Когда летом в МХТ сначала объявили премьеру спектакля «Изображая жертву», потом вроде бы отменили, но в итоге все-таки сыграли раза три, не называя премьерой, спекулянты взвинтили цены на билеты до каких-то совсем уже бессовестных цифр. Если на афише написано имя Серебренникова, а рядом еще имена драматургов братьев Пресняковых, то спекулянт, стоящий рядом с такой афишей, точно знает: это доходное место. Женщина в кассе может отдыхать.
«Изображая жертву» будут играть в МХТ на малой сцене, а на основной, куда попасть проще, можно тем временем увидеть горьковских «Мещан», которых Серебренников поставил в прошлом сезоне.
Я тогда почему-то запомнил, как на премьерные поклоны Серебренников выскочил в почти классическом черном костюме и в ярких кроссовках. Может, потому, что сами «Мещане» были ровно в том же стиле – как будто на одной сцене разом оказались старый МХАТ (в лице Андрея Мягкова и Аллы Покровской) и новый театр, на который люди лет 20-30 ходят смотреть в Нижний Таганский тупик, где Центр драматургии и режиссуры показывает пьесы про shopping & fucking. Из тупика – популярного, но все же в узком кругу – Серебренников выбрался стремительно и ловко.

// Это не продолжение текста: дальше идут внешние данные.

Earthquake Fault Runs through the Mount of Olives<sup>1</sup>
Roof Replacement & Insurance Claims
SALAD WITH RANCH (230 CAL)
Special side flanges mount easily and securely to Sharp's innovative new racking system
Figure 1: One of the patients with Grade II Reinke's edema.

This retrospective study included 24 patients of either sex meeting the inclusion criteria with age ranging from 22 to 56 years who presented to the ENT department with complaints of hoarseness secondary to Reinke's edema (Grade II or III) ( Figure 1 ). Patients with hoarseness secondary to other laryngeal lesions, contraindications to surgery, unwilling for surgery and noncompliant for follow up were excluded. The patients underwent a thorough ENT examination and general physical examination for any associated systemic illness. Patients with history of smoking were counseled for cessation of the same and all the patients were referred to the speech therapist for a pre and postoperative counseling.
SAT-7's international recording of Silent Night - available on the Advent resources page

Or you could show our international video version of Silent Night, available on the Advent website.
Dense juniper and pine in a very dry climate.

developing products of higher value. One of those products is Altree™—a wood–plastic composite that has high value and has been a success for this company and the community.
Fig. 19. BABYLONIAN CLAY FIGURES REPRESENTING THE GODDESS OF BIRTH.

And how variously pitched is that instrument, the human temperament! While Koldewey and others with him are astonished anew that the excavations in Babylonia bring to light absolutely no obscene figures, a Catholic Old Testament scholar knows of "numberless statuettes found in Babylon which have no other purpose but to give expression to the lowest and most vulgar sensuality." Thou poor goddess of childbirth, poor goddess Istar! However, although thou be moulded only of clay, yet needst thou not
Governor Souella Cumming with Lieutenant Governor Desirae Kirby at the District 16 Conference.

Года четыре назад, когда Кирилл Серебренников еще работал в Ростове-на-Дону, а братья-филологи Пресняковы преподавали в Екатеринбургском университете, об этих талантах в Москве не знал почти никто. Чуть позже театральные люди, ездившие на Урал, рассказывали в качестве анекдота, что есть там такие смешные братья, пишут дикие пьесы и ставят их в театре имени Кристины Орбакайте. К тому времени в Москве уже начали показывать образцы британской новой драмы, говоря: вот что смотрят в Европе, вот самая актуальная вещь. Российские драматурги, которые до этого даже сами себе казались партизанами, воспряли. Выяснилось, что новая драма у нас тоже есть, хоть и мало кто понимает, как ее ставить. Серебренников показал, как, сделав «Пластилин» по пьесе Василия Сигарева про невыносимую жизнь и мучительную смерть уральского подростка.

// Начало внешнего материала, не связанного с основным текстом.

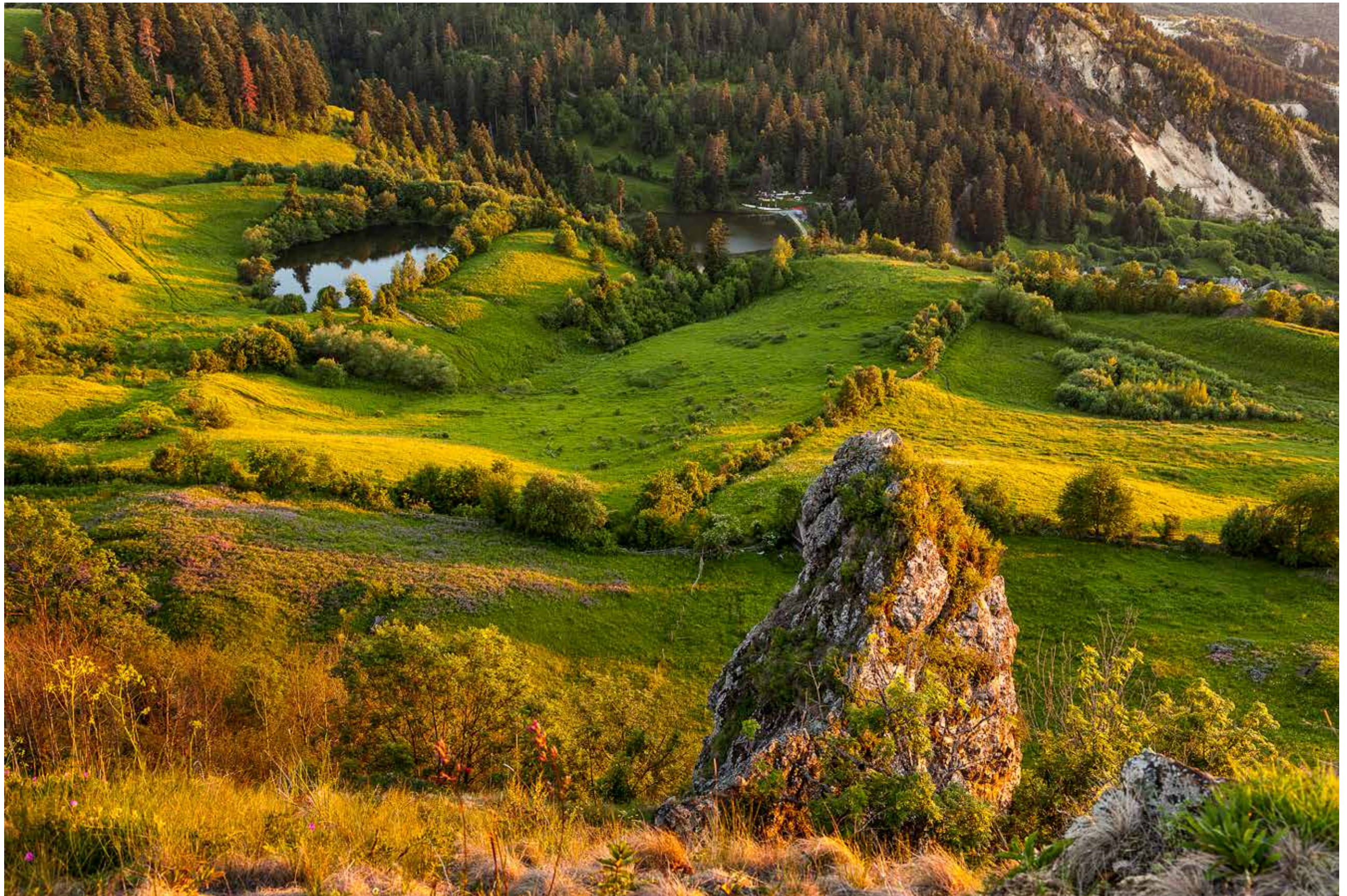
Mining and agro-pastoral landscape, Tăul Anghel and Tăul Brazi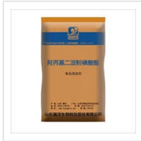
Hydroxypropyl Distarch Phosphate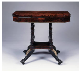
Title: Card Table Date: c. 1800 - 1815 Primary Maker: Unknown Medium: Mahogany, mahogany veneer, cherry, poplar, white pine, and brass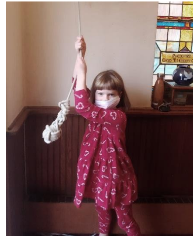
Our Bell Ringer and Greeter on Christmas Eve!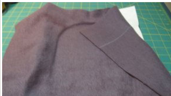
3 – Fold fabric out flat using the placement lines as your guide to keep fabric straight. Use temporary adhesive spray to secure in hoop. The 3" line on back of fabric at the top!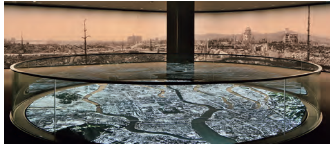
East Bldg. 3F Introductory Exhibit

*This exhibition contains exhibits that can be quite disturbing.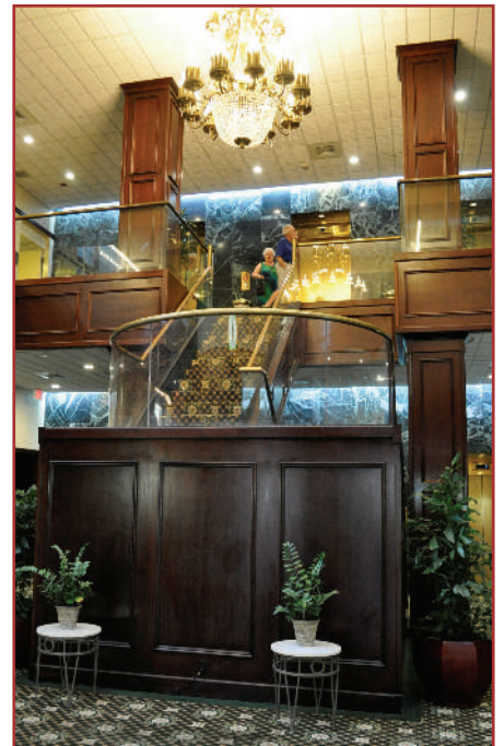
The Pensacola Grand Hotel lobby. OS&AS held meetings and dinner upstairs.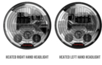
HEATED RIGHT HAND HEADLIGHT HEATED LEFT HAND HEADLIGHT

12V RHT DOT/ECE LED High/Low Beam Headlight - Chrome - 2 Light Kit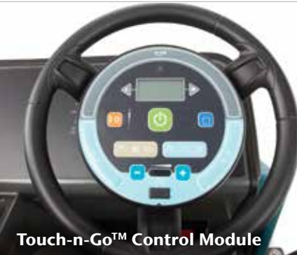
Touch-n-Go™ Control Module

▶ Touch-n-Go™ control module with 1-Step™ start button allows operators quick access to all settings without removing hands from the steering wheel.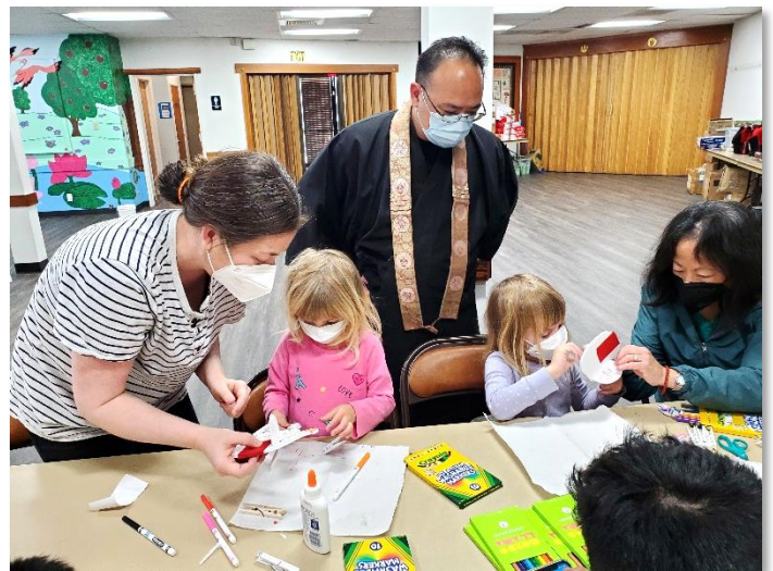
April Dharma School Classes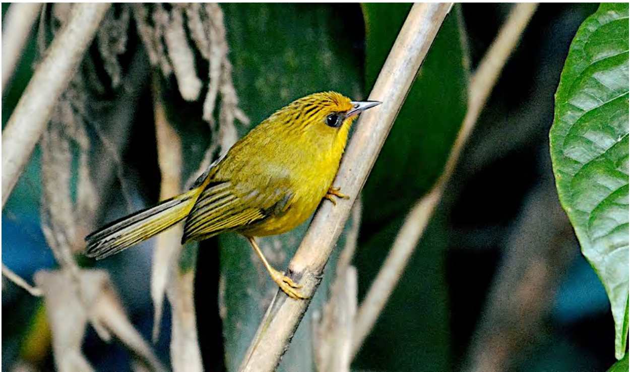
We will look for the charming Golden Babbler on Doi Inthanon and Doi Lang, where we've seen these tiny beauties on previous Field Guides tours.

Nor will we discriminate against the many LDJs (Little Dull Jobs—they are birds, too, and we are a fairly equal-opportunity bird-finding company), such as babblers and leaf warblers. Migrants are in abundance from the lowlands to the rhododendron-lined bog near the summit, a frequent haunt for Eurasian Woodcock, Buff-barred Warbler, Common Rosefinch, and Eyebrowed, Dark-sided, and Gray-sided thrushes.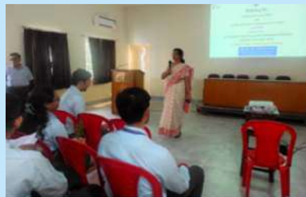
Speaker delivering lecture on the topic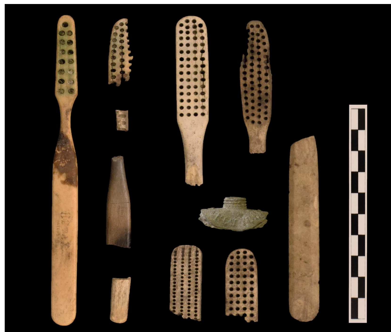
Figure 1: Dental hygiene artifacts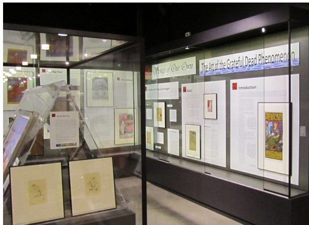
The Opening Exhibit Cases for "Songs of Our Own"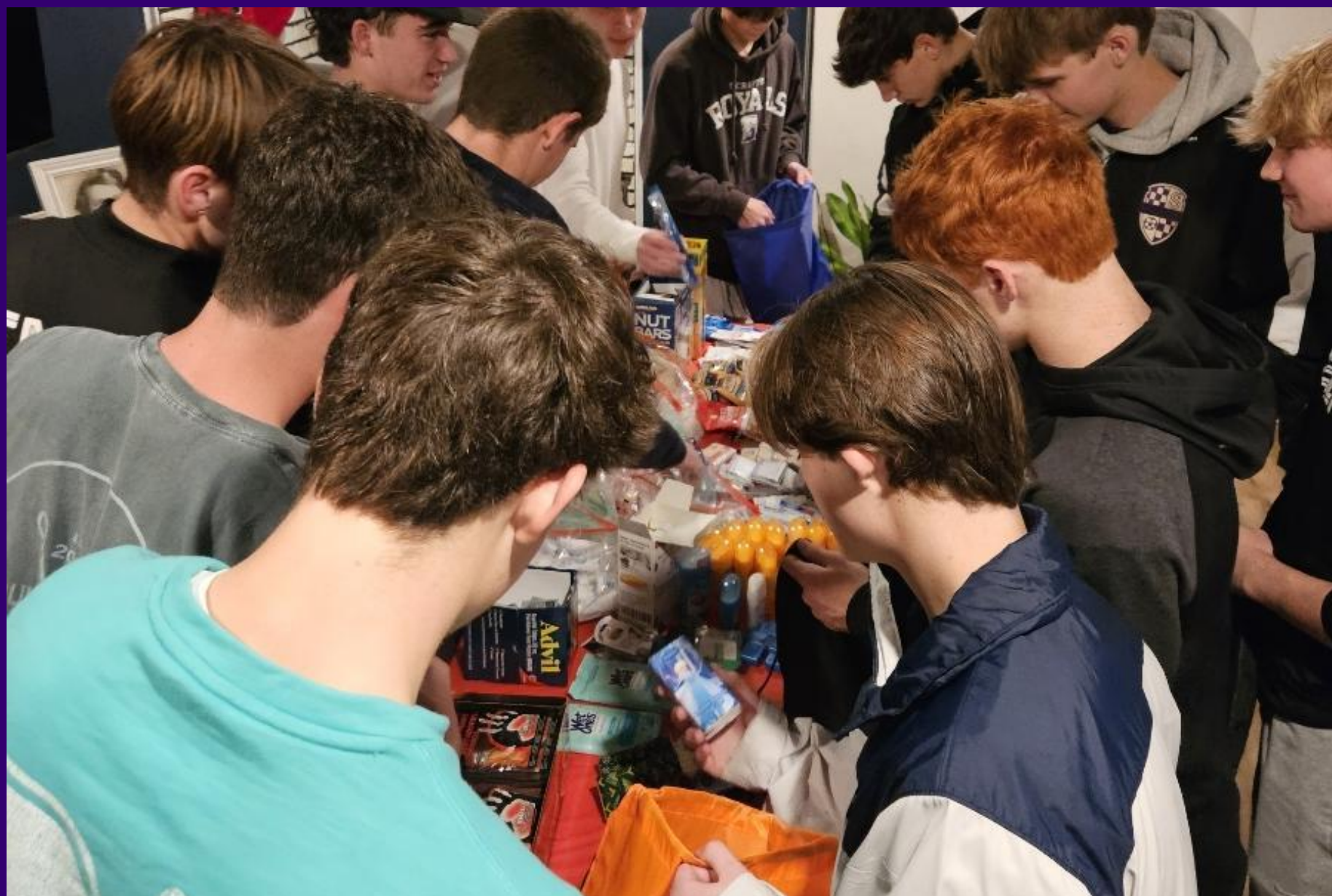
Boys Varsity Soccer team create "blessing bags."

В двух словах: его рецепт состоит в прямом, без переходов и нюансов, соединении далеких друг от друга вещей: иронии и пафоса, чернухи и глянца, подзаборного мата и красивостей в духе Виктюка. Внимательный к моде человек, он быстрее других сообразил, что и в театре давно пора носить кроссовки с костюмом.

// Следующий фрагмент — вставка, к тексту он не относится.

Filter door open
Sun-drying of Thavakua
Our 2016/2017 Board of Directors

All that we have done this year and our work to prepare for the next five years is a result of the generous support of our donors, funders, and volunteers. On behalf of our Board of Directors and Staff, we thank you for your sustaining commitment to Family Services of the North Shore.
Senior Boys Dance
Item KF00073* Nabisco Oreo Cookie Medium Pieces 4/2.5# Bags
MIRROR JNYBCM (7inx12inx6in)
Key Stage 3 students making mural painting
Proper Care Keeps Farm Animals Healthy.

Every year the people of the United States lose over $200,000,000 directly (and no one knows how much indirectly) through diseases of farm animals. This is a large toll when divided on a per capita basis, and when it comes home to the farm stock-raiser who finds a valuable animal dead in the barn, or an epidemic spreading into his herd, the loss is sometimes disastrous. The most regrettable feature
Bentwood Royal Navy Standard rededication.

После «Пластилина» Серебренников говорил, что будет работать только с новой драмой. Поставил в Театре им. Пушкина «Откровенные полароидные снимки», знаменитые, в частности, сценой гомосексуального акта с трупом. Потом – во МХАТе «Терроризм» по пьесе Пресняковых. Но в его резюме есть уже несколько названий, не имеющих отношения к современной драматургии: «Сладкоголосая птица юности» в «Современнике», «Демон» специально для Меньшикова и мхатовские «Мещане». Хотя если надо поставить пьесу Пресняковых, герой которой изображает жертву в следственных экспериментах, первым делом зовут, конечно, Серебренникова. Это вам подтвердит любой мхатовский спекулянт.